By Brendan Gleeson, University of Melbourne

In a recent article on The Conversation Robert Nelson argues we are all morally culpable for unsustainable urban sprawl. He goes on to suggest we fix this by taking advantage of opportunities for higher density development in sparsely populated inner suburbs.

But his argument is based on a false opposition: mounting evidence shows that high density development in inner areas performs very poorly in terms of resource consumption and greenhouse emissions. The idea that outer suburbs are inherently less sustainable than inner ones doesn’t bear scrutiny.

The key question is not where we accommodate growth; it’s our slavish pursuit of growth itself.

Urban accumulation

The metro fringe is expected to accommodate 40% of our national population increase in the next 15 or so years.
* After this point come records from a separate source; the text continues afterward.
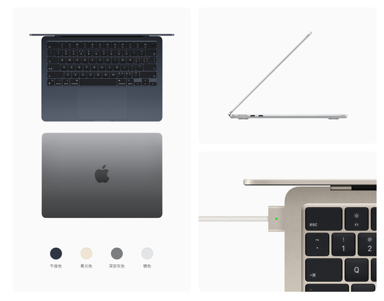 话说回来,这次的新 Air 取消了原本的楔形外观,色彩在原本的基础上又增加了一款 “ 午夜色 ”。
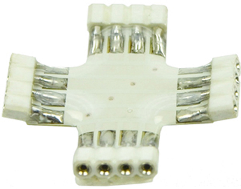 Kreuzverbinder weiß PCB für RGB-Bänder Zubehör für LED-Band 10mm. Kreuzverbinder, 4-polig, weißes PCB ohne LED, 10mm für RGB-Bänder.
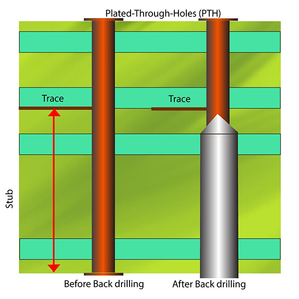 - Backdrilling avlägsnar överflödig koppar och behåller endast de nödvändiga anslutningssegmenten för att förbättra signalintegriteten.
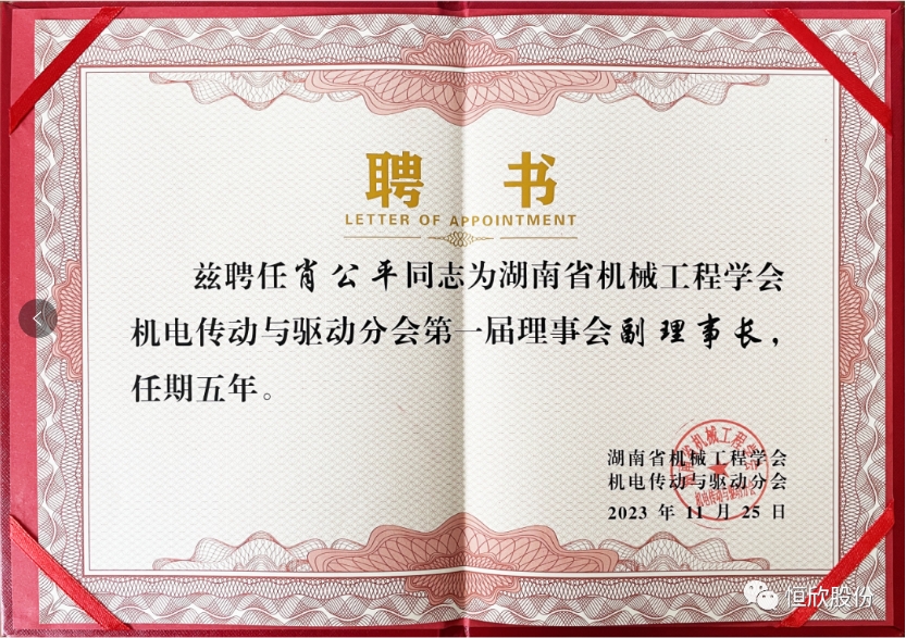 在本次會議中,【恒欣股份】董事長肖公平當選湖南省機械工程學會機電傳動與驅(qū)動分會第一屆理事會副理事長,這是對我司長期堅持技術(shù)創(chuàng)新的有力詮釋,也將進一步推動【恒欣股份】自主創(chuàng)新、自主研發(fā)的動力,為礦山提供更智能、更高效、更安全的機械裝備。肖董事長表示將認真履行好分會副理事長職責,與分會同仁攜手奮進,不遺余力地為分會工作開展貢獻力量。
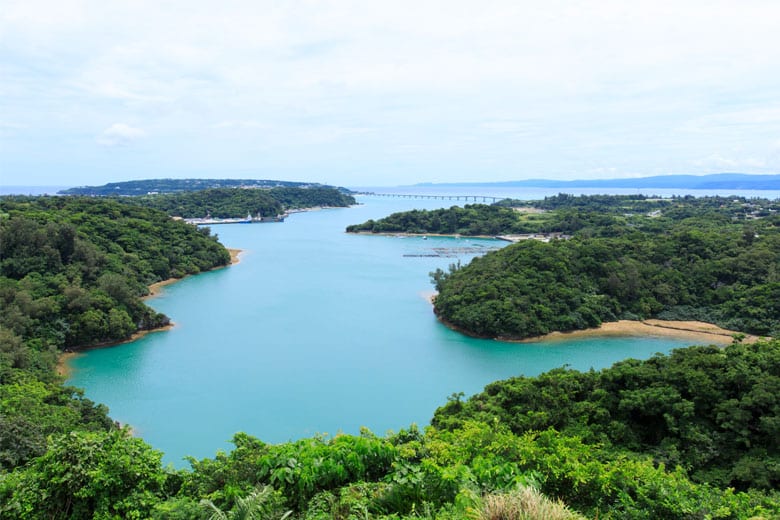 ご覧ください!眼下には「ワルミ海峡」が広がり、その先には大人気観光スポット、古宇利島と古宇利大橋まで大パノラマで見渡せるのです。
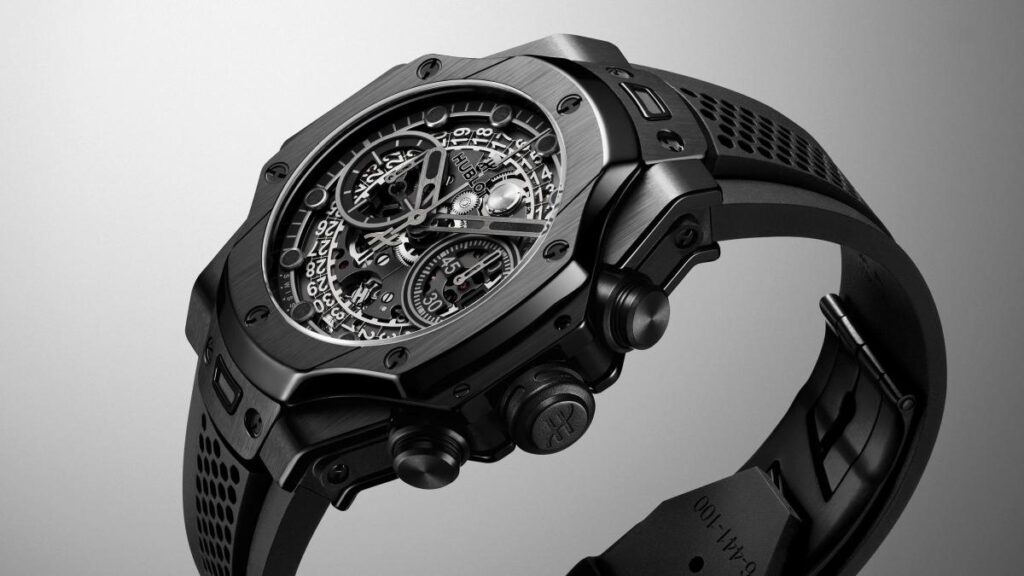 この時計は、サテン&ポリッシュ仕上げを施したブラックセラミック製の42mmケースを採用し、「ビッグ・バン」シリーズの特徴である大胆なジオメトリーとモジュラー構造を反映しています。オールブラックのセラミック仕上げを選択したことで、SR_Aは洗練されたミニマルな美学へと回帰しています。
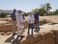 Jordan. Aqaba (Ayla), Glenn Corbett of ACOR (far left), Jehad Haron (left), site steward Mustafa Ajlouni (far right), Islam Sleim, USAID team members
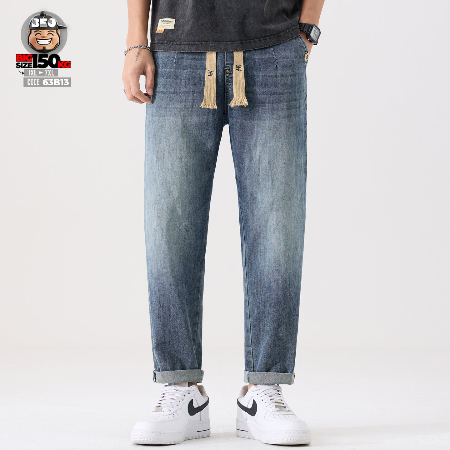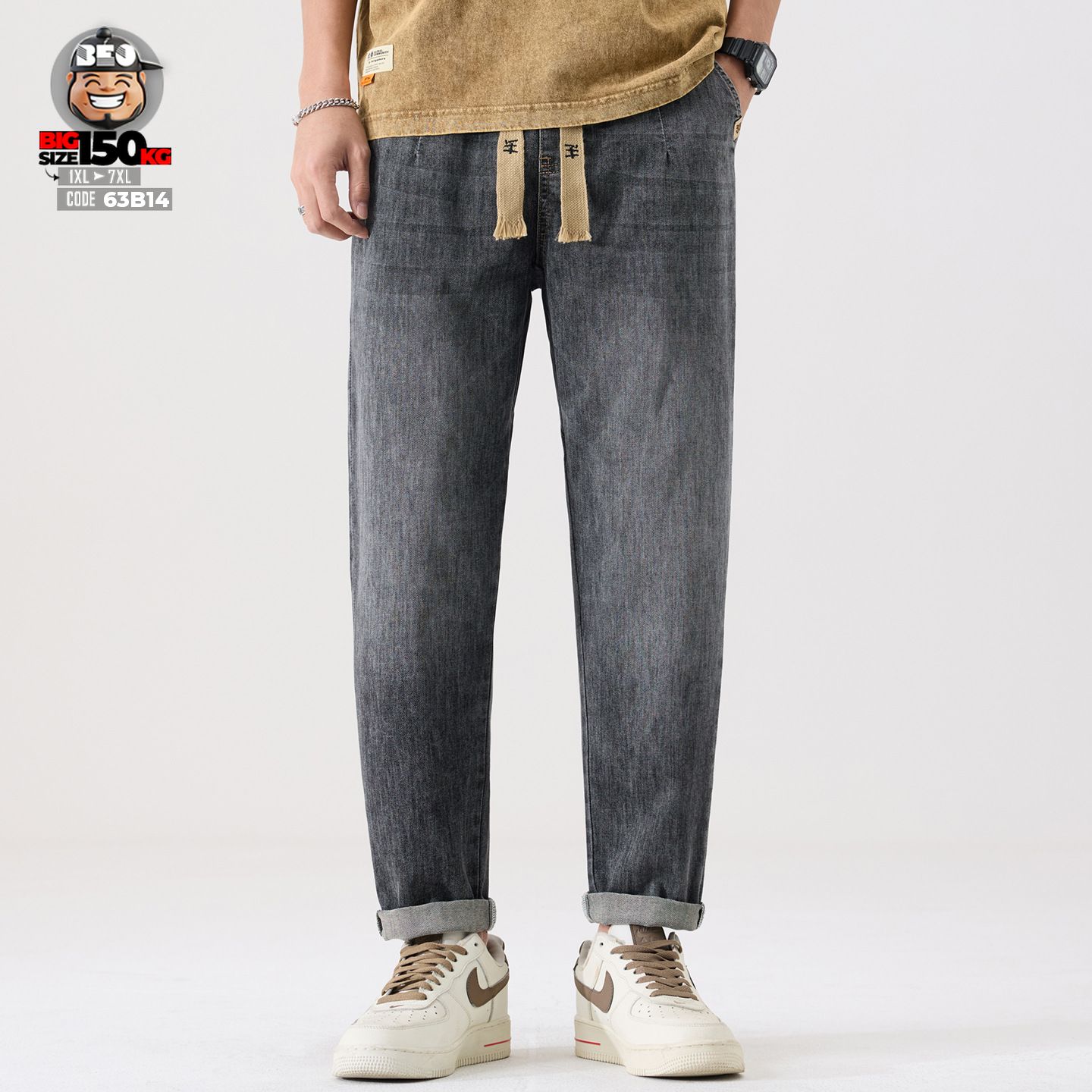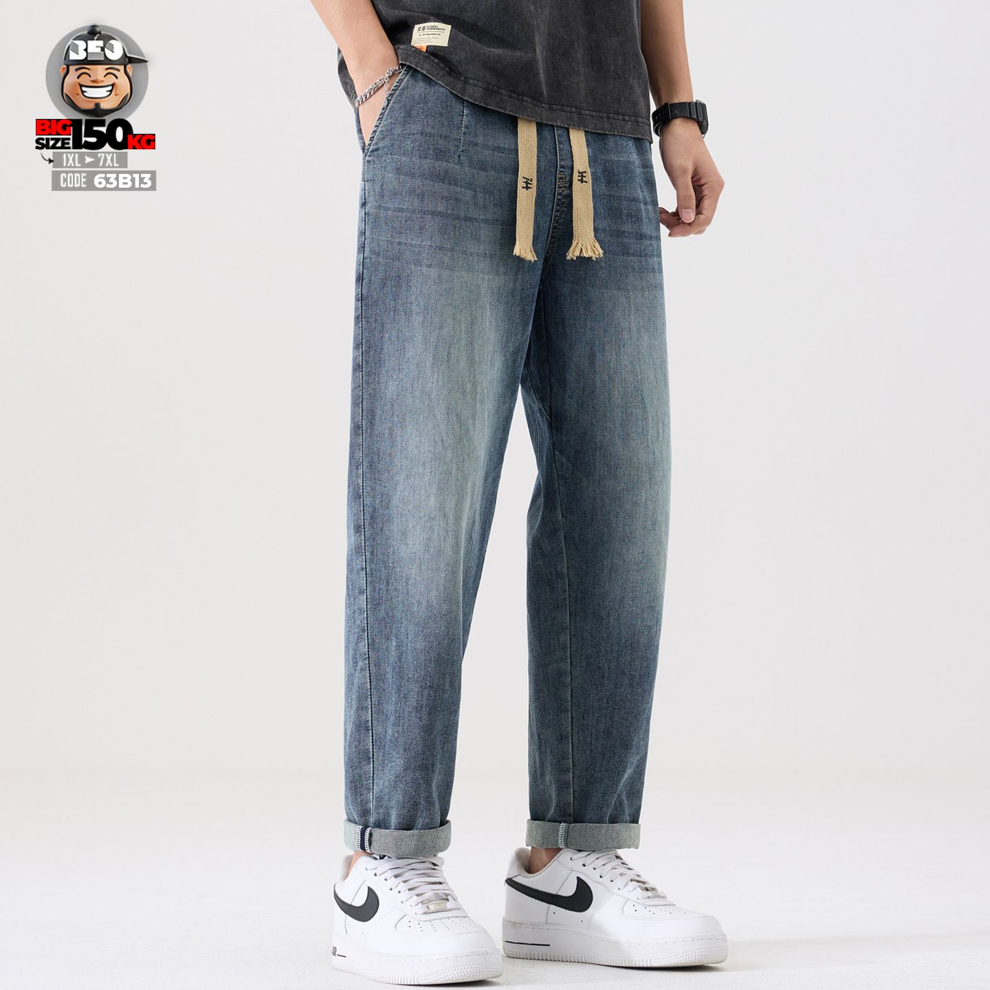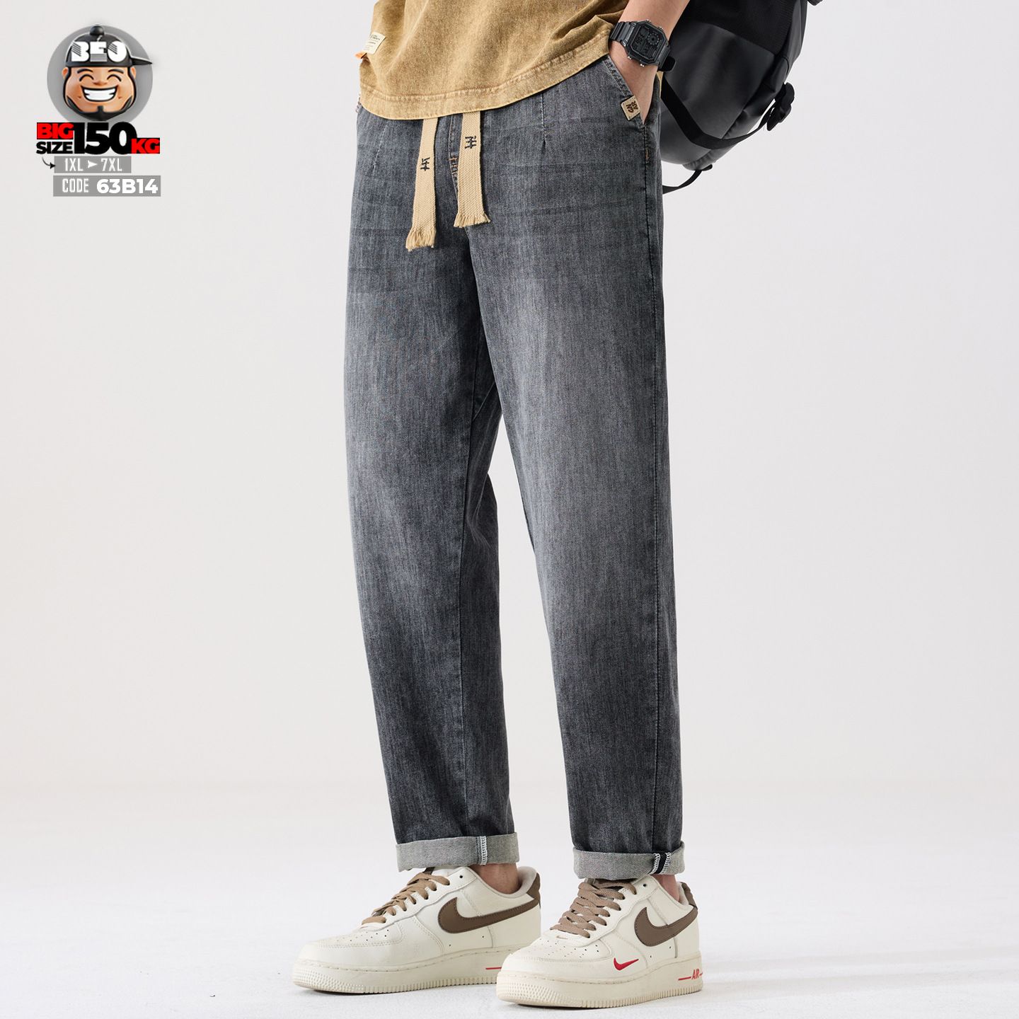 Quần dài jean Lyocell lưng thun mỏng mát form rộng ống côn co giãn

Australia has for some time been experiencing record population growth, cheered on by business lobbies, and rationalised by the expertise they buy. Not all of it is corporate conception, or undesirable: the fertility spike and commitment to a humane migration program are also contributors.

The urban sustainability crisis betrays not bad consumption patterns but the awesome success of accumulation. Our cities express the ceaseless economic expansion imperative and its politico-cultural expression, which Clive Hamilton has memorably described as the “growth fetish”.

We have sprawl in every possible physical form – from low density suburbia to the vertical sprawl produced by market driven compaction. It is a fallacy to describe the latter as sustainable.

The existing urban footprint simply cannot absorb the human increase. It is a physical, social and political impossibility. And the underlying imperative of accumulation will drive excessive urban expansion in its various forms.

Risky business

The physical form of cities and suburbs has little influence on overproduction and its social and ecological consequences.

We are, as Nelson correctly implies, in the tightening grip of a species crisis. As the German sociologist Ulrich Beck describes it, we live in a World at Risk – from climate warming, resource depletion, economic default, and social breakdown. The ecological crisis may be the gravest of these as it appears to be moving with wild speed and threatens to upend the planetary order entirely. But it cannot be divorced from the other calamities which all derive from a human modernity that, as Beck states, is devouring itself.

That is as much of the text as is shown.